More on Concentrated Positions
Even though these are three currencies from three major parts of the world, they will all react in the
same way when the stock markets correct them-selves. Stock markets correct themselves after a
three or four day run-up because the professional traders of the world like to take money off of the
table and sell out of some of their positions to lock in their gains from the markets. Once the stock
markets go down, risk assets all over the world will also fall, and the safe havens will gain. This means
your long USD, JPY, and CHF will gain also.
One of the main reasons that the stock markets of the world rise and fall every two or
three days is that the professional traders all see the same buy and sell indicators on the
technical charts. This reading of the market makes most traders add money and then
take money out of the market at the same time.
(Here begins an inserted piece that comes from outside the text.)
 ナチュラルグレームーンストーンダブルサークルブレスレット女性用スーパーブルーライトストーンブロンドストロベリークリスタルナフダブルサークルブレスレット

Since your three positions will gain in this situation, what you essentially have is a directional
trade. Even though you have three currencies, they are all risk averse, and therefore act as a
concentrated position. The three FX pairs on your books actually act as one FX pair. Granted they are
diversified in geography and in counter currency, but they are concentrated in direction. If these are
the trades on your books, you will win big when the world's traders decide that they would like to take
some money out of the market and reverse their positions. Stock markets go up and down all the time.
One, two, or three pairs in the same direction will make you capture very good profits when the time
comes.
Since the three trades on your books are actually a concentrated position, it is best to diversify
these three positions in proportion to each one's potential movement. In order to do this you should
first have an idea as to what currency pairs to buy into for this type of setup.
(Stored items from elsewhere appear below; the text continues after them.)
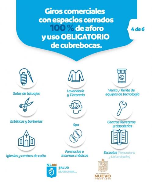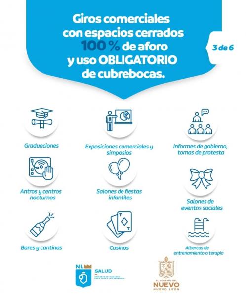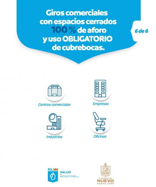 - aforos 100% con uso de cubrebocas obligatorio en espacios cerrados 6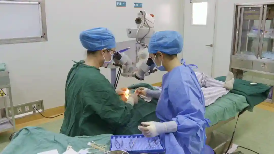 上午十点半,绥江县人民医院麻醉科正在实施一例翼状胬肉切除术,主刀医生是上海市第五人民医院眼科专家金轶平。眼部麻醉、撑开眼睑、胬肉分离切除、角膜缘干细胞移植、缝合伤口,约20分钟,手术顺利完成,精湛娴熟的技术、体贴入温的关怀让患者倍感温暖。
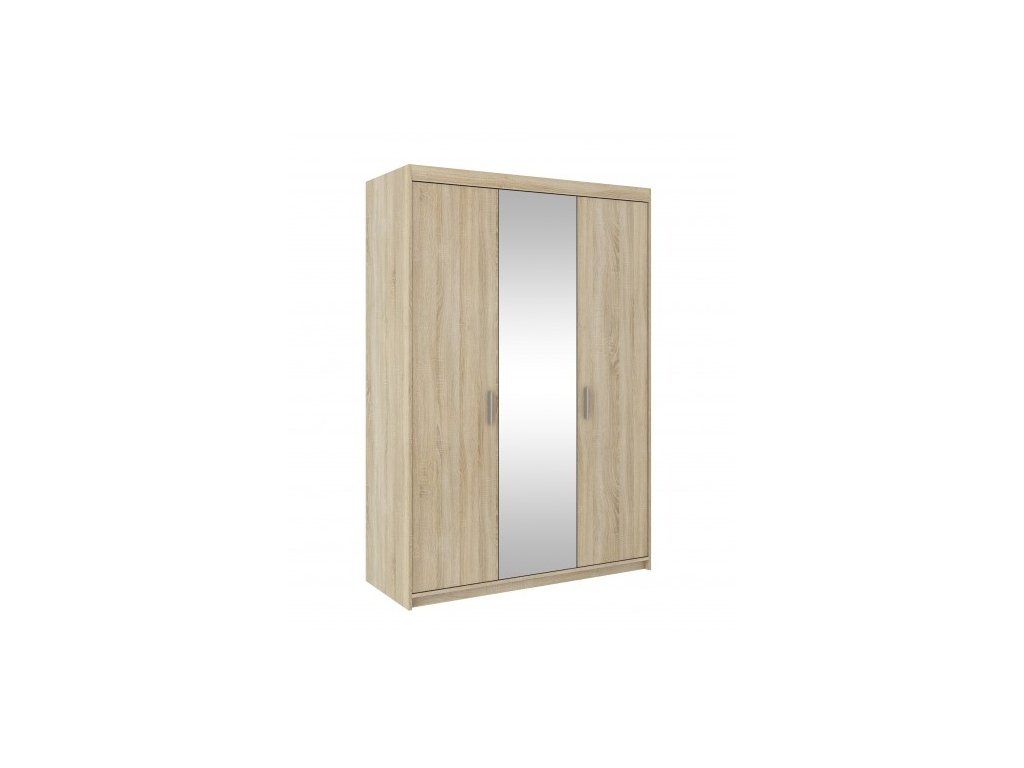 Klasická třídveřová skříň v jednoduchém čistém designu v barvě dub sonoma s černými úchyty má vevnitř 5 polic v jedné části a polici s šatní tyčí v části druhé. Na prostředních dveřích je praktické zrcadlo. Skříň je vyrobena z lamina o tloušťce 15mm. Tuto skříň nabízíme také v dalších provedeních (šířka, barevné kombinace, počet dvířek a zásuvek). Ke skříni je možné dokoupit také nádstavec, který také naleznete v naší nabídce. Zboží je dodáváno v demontu se schematickým návodem k montáži.

In this example, you are looking to get into three unidirectional trades that are diversified as
much as possible. Since the stock market has run up in the past several days, it is safe to assume that
the U.S. and world stock markets will fall due to profit taking by traders. While planning for this to
happen, you decide that you are going to use a total of 12 percent of your margin for the entire risk-
averse position.
You then decide that in order to have risk-averse trades, you will short a commodities
currency, a growth currency, and go long a safe-haven currency. With this in mind you consult your
broker's reports and your trading journal. You can choose to short the New Zealand dollar and the
Swedish krona, and go long the safe-haven currency, the Swiss franc. All of these currencies are
sensitive to the risk sentiment of the markets, but they are diversified somewhat.